The lake was there, right where it is now, when I was a child the same age as my son is now. The lake back then was big, and it was blue, and if I went out in a fishing boat I could hope to catch bass and pike and trout but I would expect to catch bluegills and bullheads and maybe a crappie, if the season was right. Back then, I watched the lake and wondered about it. I wondered what was under that surface, and it didn’t matter if the surface was still and calm or it if was whipped and bold, it was still the lake and I was still curious. I see it today, when I drive past in a hurry or slowly ply it with a hull, and I think the same thing. What’s going on down there? My son in the boat, wondering either the same thing or wondering nothing at all, who could tell?
There is a picture of me in a boat, a boat without an engine. There are recent pictures of me now, in a boat, a boat with an engine, but that engine doesn’t work well or often, so the boat without the engine in that old picture is basically the same thing. Except that boat is smaller, made of only plastic, without a console or any seat aside from the strip of plywood that stretched from one side to the other, just big enough for a kid to sit on. In that picture, I’m sitting in that boat. I’m too old to be doing such a thing, at least too old by the way we see things today. I must have been thirteen, and I was oblivious to the spectacle that was a thirteen year old boy out in a dingy barely as long as he was tall. I’m sitting in that boat, too old to be doing so, with ice all around me and on top of the entirety of the lake, excepting the small path in the ice that I had broken through to form a one way route from the shore.

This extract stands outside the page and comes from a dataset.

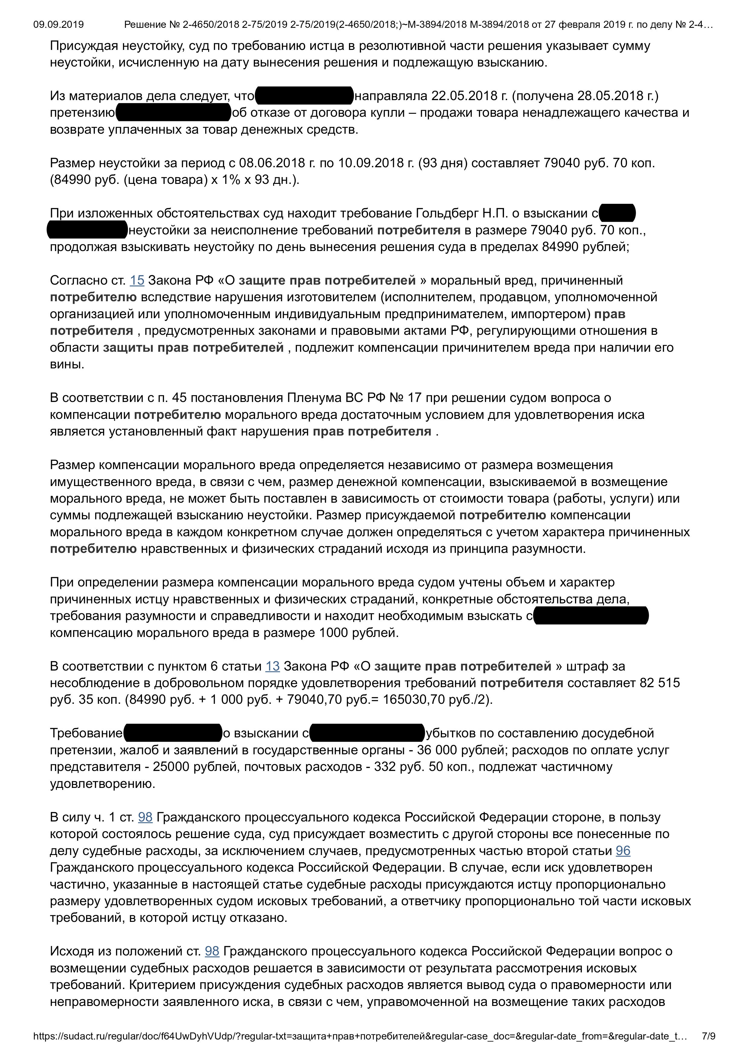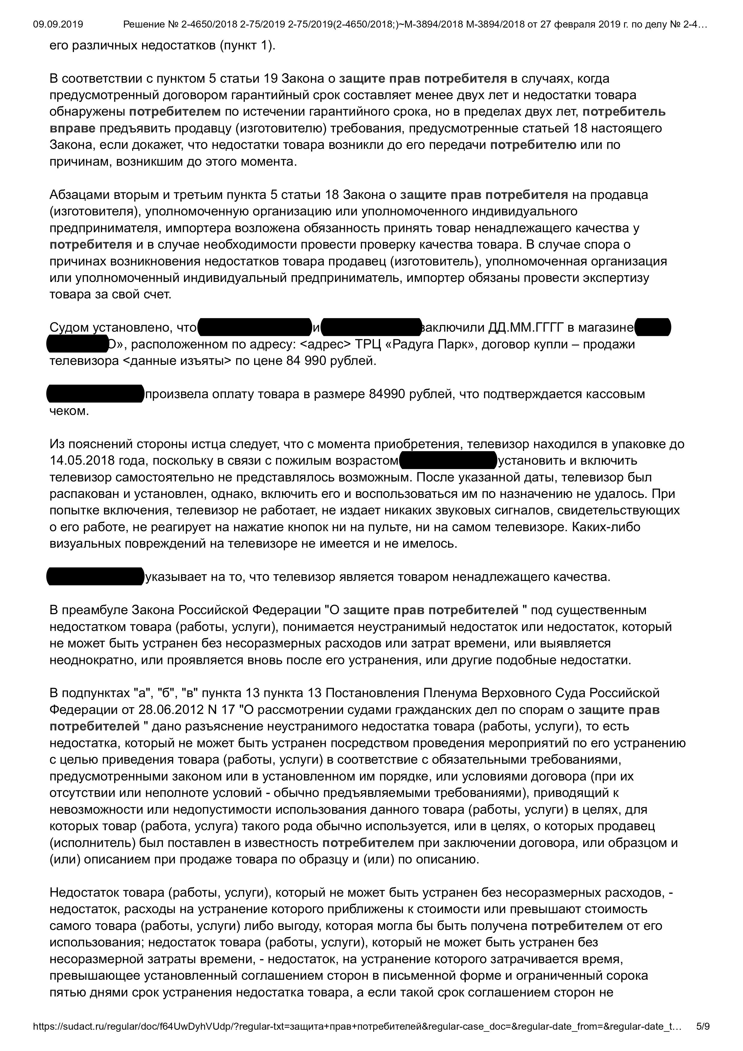 Юристы нашей организации в целях разрешения конфликта направили претензию к продавцу, однако компания, в свою очередь, изложенные требования не удовлетворила. Чтобы защитить интересы клиента, наши специалисты обратились в суд с исковым заявлением о взыскании с недобросовестного продавца: стоимости товара, компенсации морального вреда, а также понесенных судебных расходов. В итоге, в пользу нашей клиентки была взыскана стоимость телевизора, компенсация морального вреда, неустойка, расходы по составлению досудебной претензии, жалоб и заявлений, оплате услуг представителя, почтовые расходы, а также сумма штрафа.

I had paddled out a ways, but not really far at all, and I had done this for a reason that I cannot know now. Would my son still do something like this? He’s smart and he’s strong, but he’d probably look to a little boat and look to a frozen lake and wonder who would ever want to combine the two. I did, and when I look at the picture now, from this perspective of several decades later, I still think it would be fun to sit in that little boat and break through that bit of ice. I still wonder about that lake, and what’s under that surface, and I wonder if I’m not so grown that I wouldn’t do the same thing again this spring, when the ice softens enough so that a child, or his adult self, could paddle through it, breaking off chunks along the way.
In the stream that I know, one of those that brings fresh water from a hillside and down into this lake, there are brown trout. There are always brown trout there, in this stream, but never too many of them and never any remarkable specimens. Today, there are big trout, Seeforellen strains, the sort that comes from deep mountain lakes in Europe. Their ancestors made that journey here so many years ago, and here they are, doing what they do, running up small streams and spawning, breeding to make more trout for my son to show his son someday so many years from now. I’ve been watching these trout, feeling not like a father showing these fish to his son, but feeling like a boy showing these fish to his friend.
Will he feel the same when he’s me and no longer only him? Will the memory of the places and the things and the small boats with ice around them be the same? Or will he go as I see kids now going, endlessly onto the next sparkly thing, away from the small streams with salamanders and frogs and sometimes giant German trout and into the distance looking for whatever might be next?